Summary table: strategic excipient considerations for SYFOVRE

Key Takeaways

• Excipients in SYFOVRE aim to optimize stability, tolerability, and manufacturability.
• Innovations in excipient design can support premium pricing and market exclusivity.
• Development of preservative-free formulations aligns with regulatory trends and patient preferences.
• Supply chain resilience and cost-effective excipients are vital for large-scale commercialization.
• Platform technology for excipients could streamline expansion into other ocular indications.

FAQs

1. What excipients are most likely used in SYFOVRE?
   Likely excipients include buffering agents (phosphates), isotonicity agents (sodium chloride), solubilizers (polysorbates), and possibly viscosity modifiers. Exact formulations are proprietary.

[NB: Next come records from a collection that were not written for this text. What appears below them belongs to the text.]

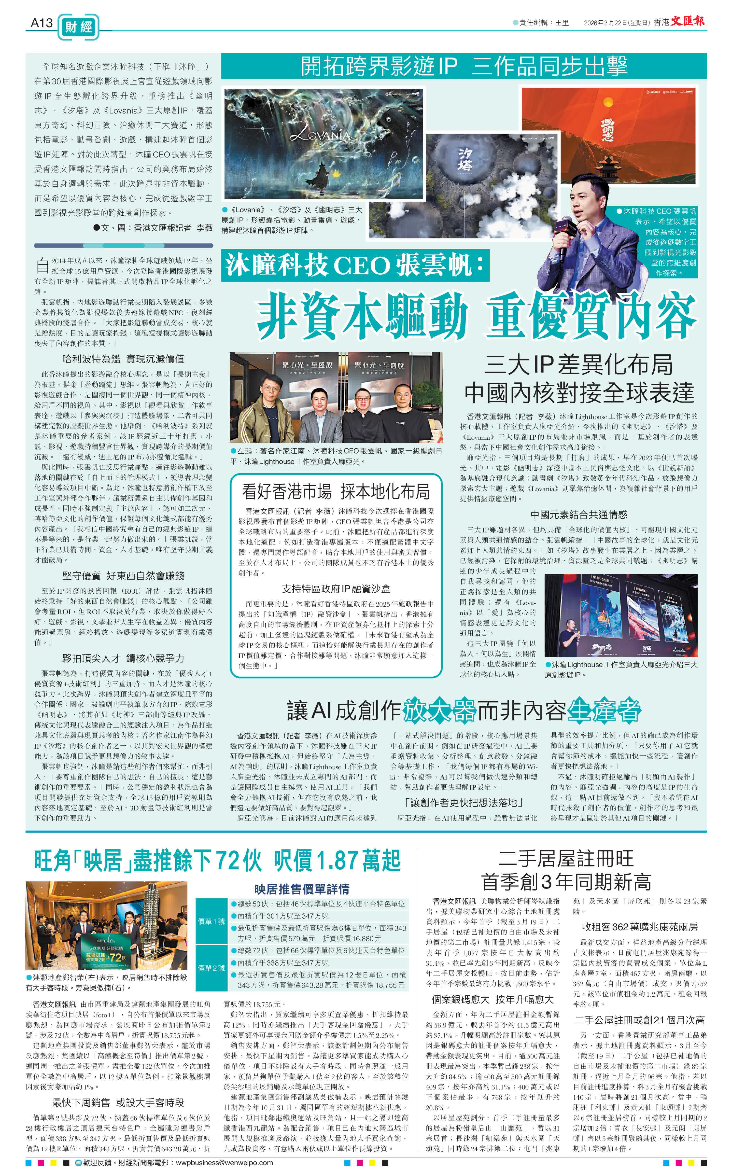 建灝地產集團銷售部副總裁吳傲楠表示,映居預計關鍵日期為今年10月31日,屬同區罕有的超短期樓花新供應。他指,項目毗鄰港鐵奧運站及旺角站,且一站之隔即達高鐵香港西九龍站。為配合銷售,項目已在內地大灣區城市展開大規模推廣及路演,並接獲大量內地大手買家查詢,九成為投資客,有意購入兩伙或以上單位作長線投資。
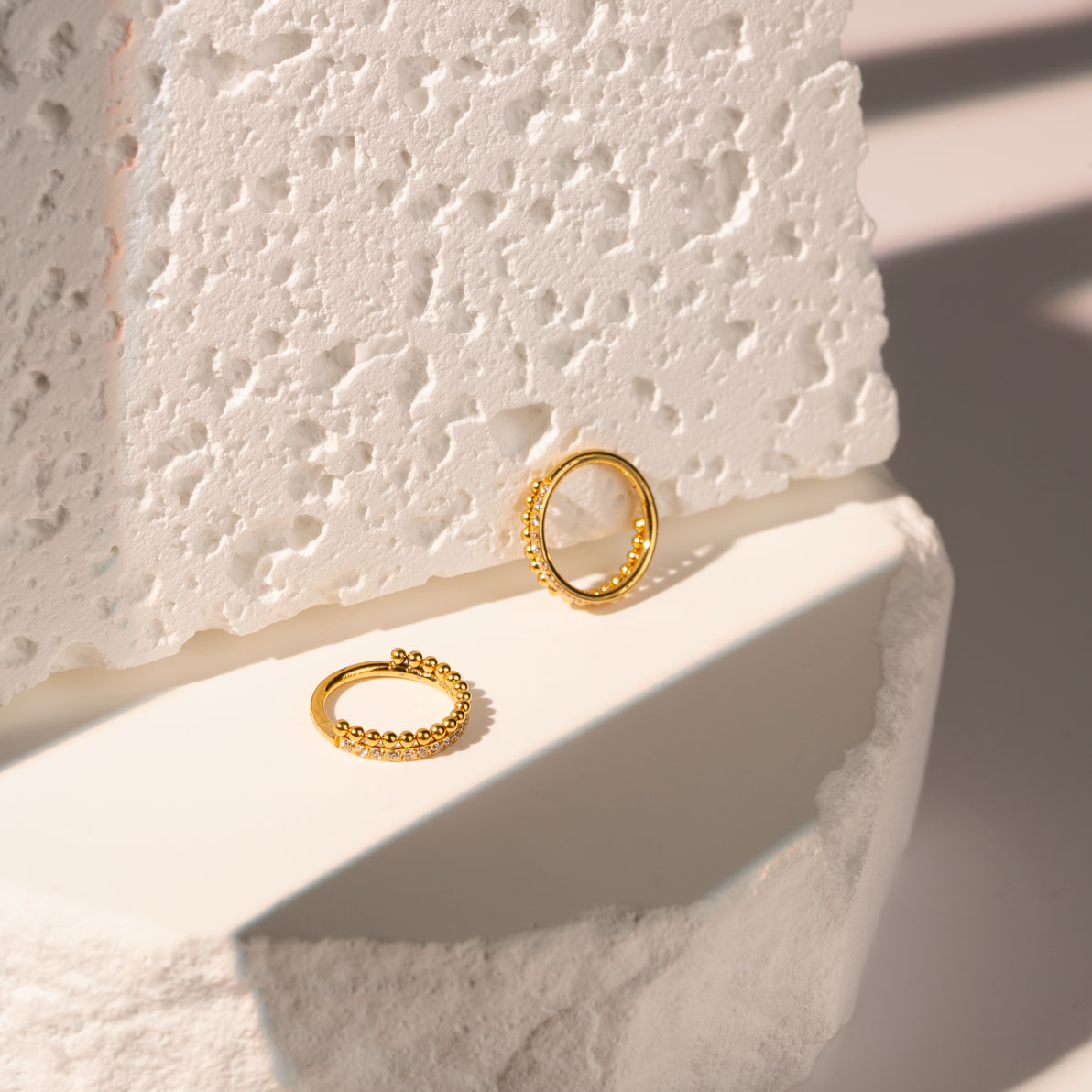 Unikalny wzór łączy linię błyszczących białych cyrkonii z dekoracyjnym rzędem wypukłych, gładkich kulek, co nadaje całości subtelnej elegancji z nutą oryginalności. Kolczyk dobrze leży na uchu i dzięki zatrzaskowemu zapięciu jest wygodny w codziennym użytkowaniu
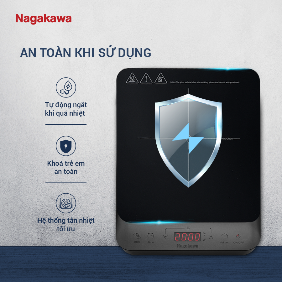 | Tính năng an toàn | Khóa bảng điều khiển Tự ngắt khi quá nhiệt Tự ngắt khi không có nồi |
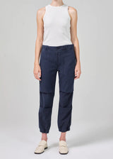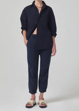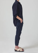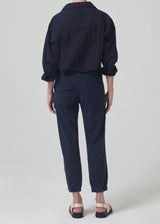 An off-duty essential. The Agni Trouser is designed with a utility inspired fold details through the leg. This mid rise fit offers a relaxed feel and tapers to an elasticated cuff.

2. How do excipients influence intravitreal injection safety?
   Excipients impact tissue compatibility; preservative-free formulations reduce inflammation risk and improve patient tolerability.

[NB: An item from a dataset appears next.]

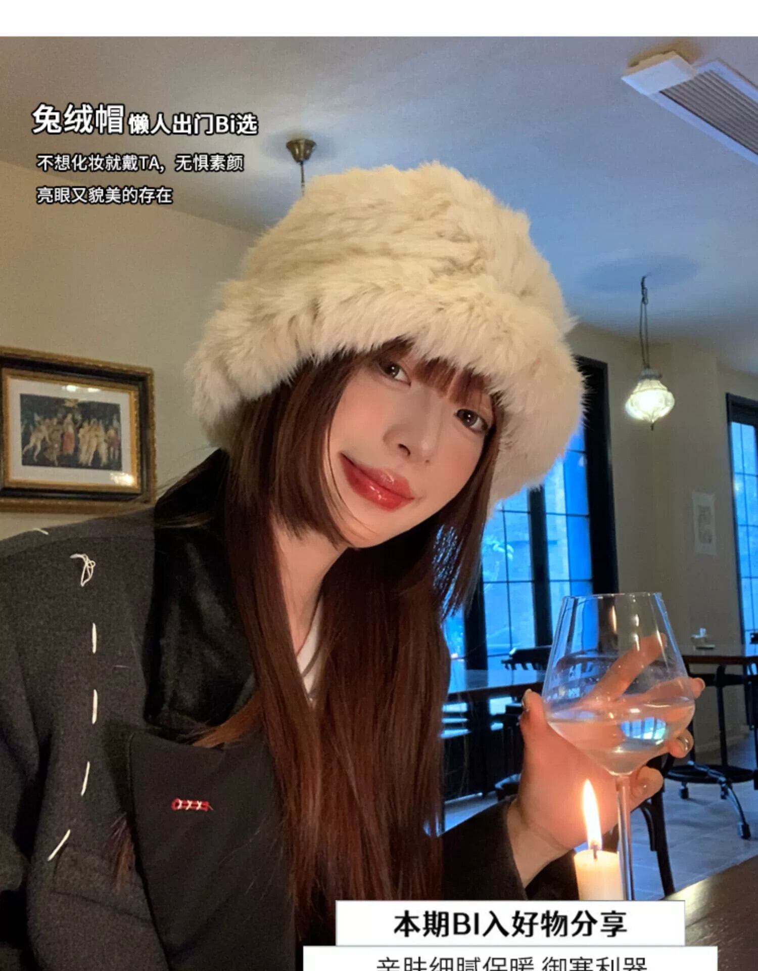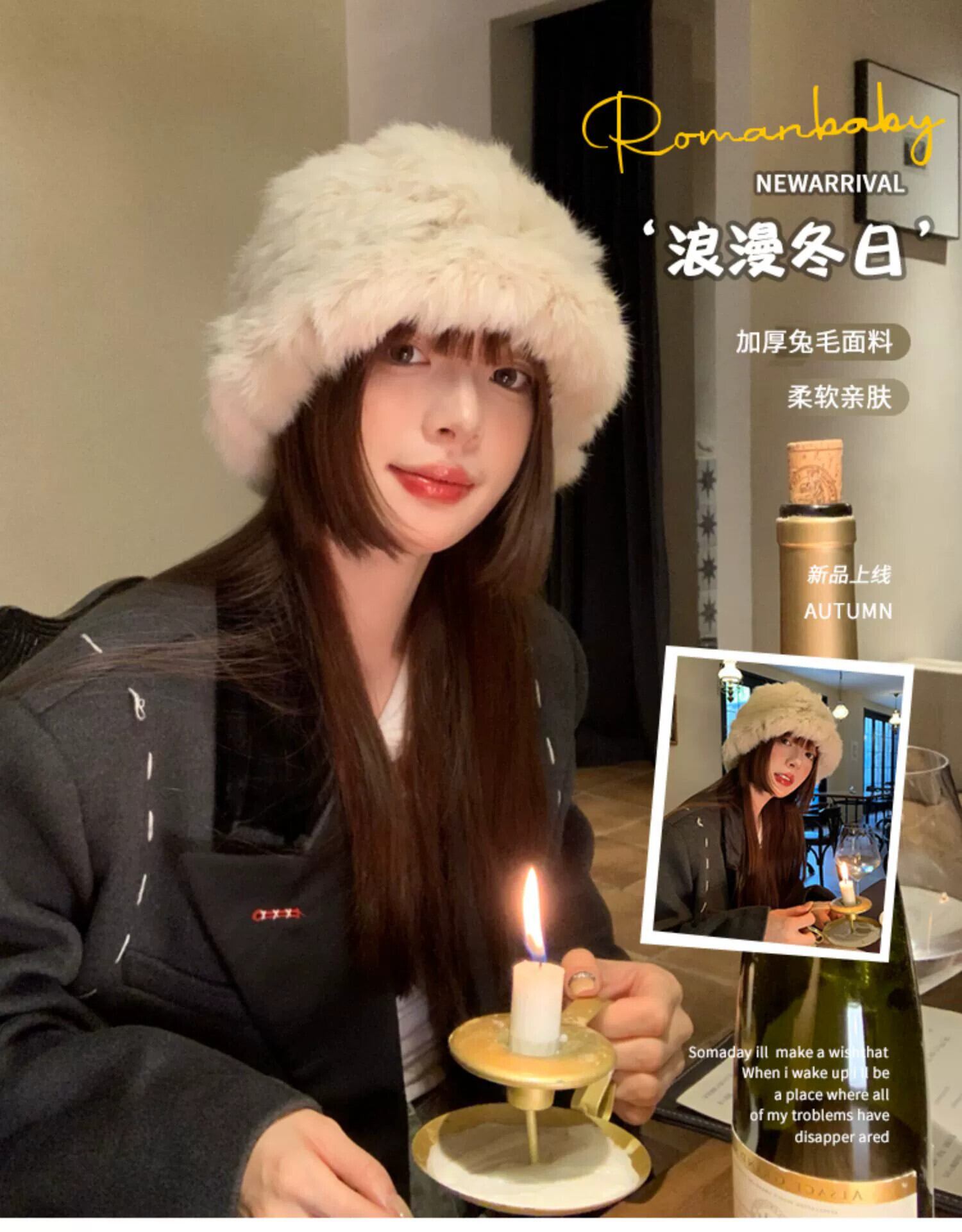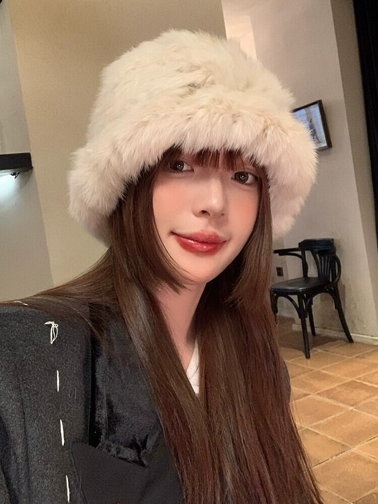 ウサギの毛皮の帽子女性の秋と冬のショーフェイス小さな毛皮のぬいぐるみ帽子潮暖かい耳の保護毛皮の漁師の帽子大きな頭囲 オータム 秋物 ウィンター 冬物 15dd62820308600

3. Can excipient innovations extend SYFOVRE's patent life?
   Yes, novel combinations or formulations can qualify for patent protection, delaying generic competition.

4. What are key commercial advantages of optimizing excipients?
   Improved stability reduces waste; enhanced tolerability boosts adherence; precise formulations support regulatory approval and premium pricing.

5. Are there opportunities for third-party excipient development?
   Yes, specialized excipients with higher stability, biocompatibility, or delivery efficiency offer licensing or partnership prospects.

References

1. Smith, J. (2021). Ophthalmic formulation excipients: commercial and regulatory considerations. International Journal of Pharmaceutical Sciences, 112(4), 250–259.
2. Johnson, L. R., & Chen, M. Y. (2020). Advances in ocular drug delivery: excipient developments. Drug Delivery and Translational Research, 10(2), 414–423.
3. Iveric bio. (2022). SYFOVRE (rayquemimod) prescribing information. Retrieved from [Link].
4. U.S. Food and Drug Administration. (2022). Guidance for Industry: Nonclinical and Clinical Pharmacology of Ophthalmic Products.
5. European Medicines Agency. (2020). Reflection paper on the development of long-acting injectable and implants medicines.